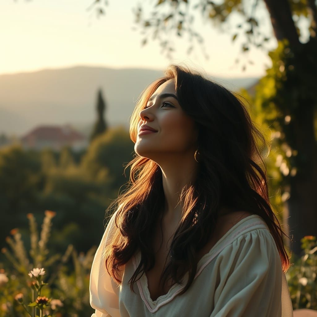 A serene woman basks in the radiant warmth of a sunny morning, surrounded by vibrant greenery and delicate details, evoking a sense of cinematic tranquility.
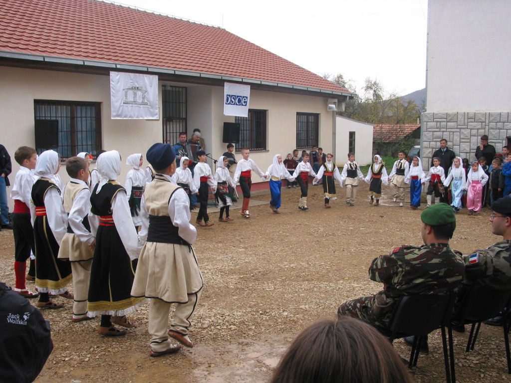 Young members of the folk group 'Mokra Gora' dancing at the opening ceremony of the Community Centre in Zubin Potok, November 2003.
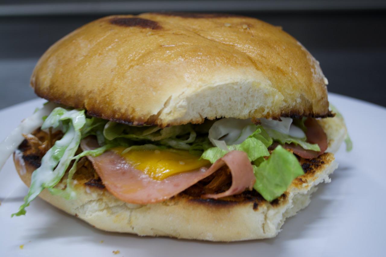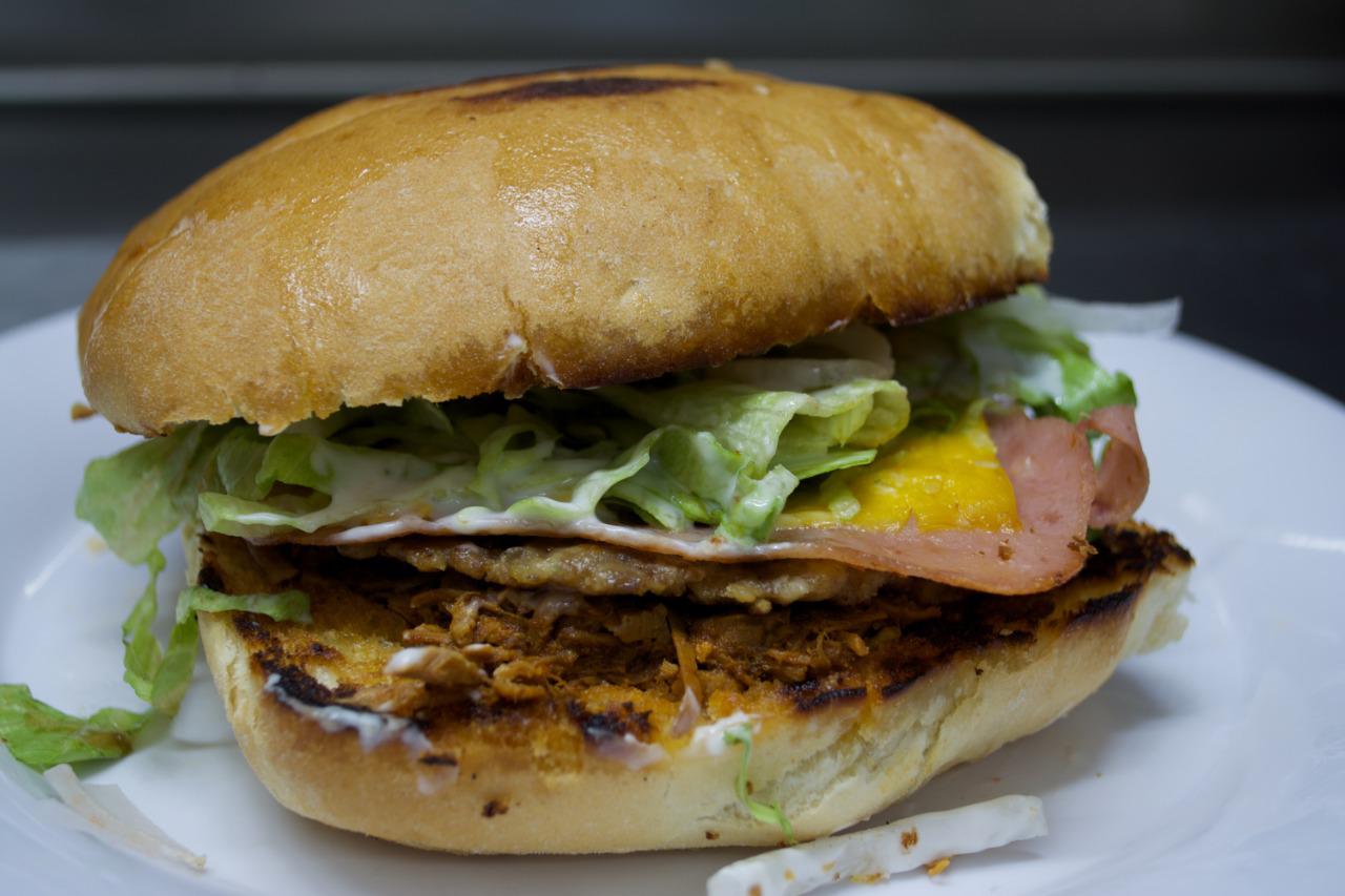 Pierna, jamón queso amarillo, carne de hamburguesa, crema, tomate, cebolla y lechuga.
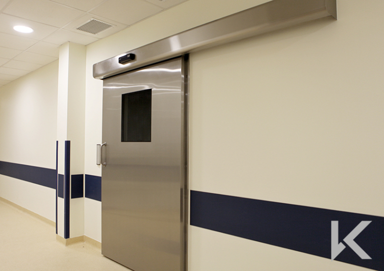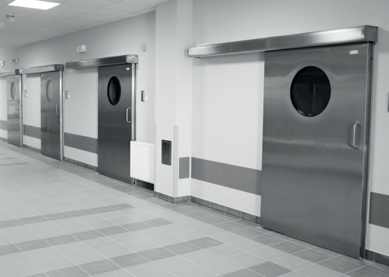 The Sanidor Glide range of sliding hygiene doors are purpose-built to provide exceptional cleanliness and performance in hygiene-critical areas, such as laboratories, clean rooms and pharmaceutical factories. Suitable for internal and external applications, the doors are constructed from high-grade steel leaves with a high-density injected foam core. All joints are fully welded, ensuring the doors are rigid and preventing the ingress of bacteria or fluids inside the leaf.
################
ABOUT THIS TASK
Repeat the line containing "Pierna, jamón queso" and every line after it up to the end of the material above, exactly as they stand, minus the pictures.

WRITTEN REPLY
 Pierna, jamón queso amarillo, carne de hamburguesa, crema, tomate, cebolla y lechuga.
 The Sanidor Glide range of sliding hygiene doors are purpose-built to provide exceptional cleanliness and performance in hygiene-critical areas, such as laboratories, clean rooms and pharmaceutical factories. Suitable for internal and external applications, the doors are constructed from high-grade steel leaves with a high-density injected foam core. All joints are fully welded, ensuring the doors are rigid and preventing the ingress of bacteria or fluids inside the leaf.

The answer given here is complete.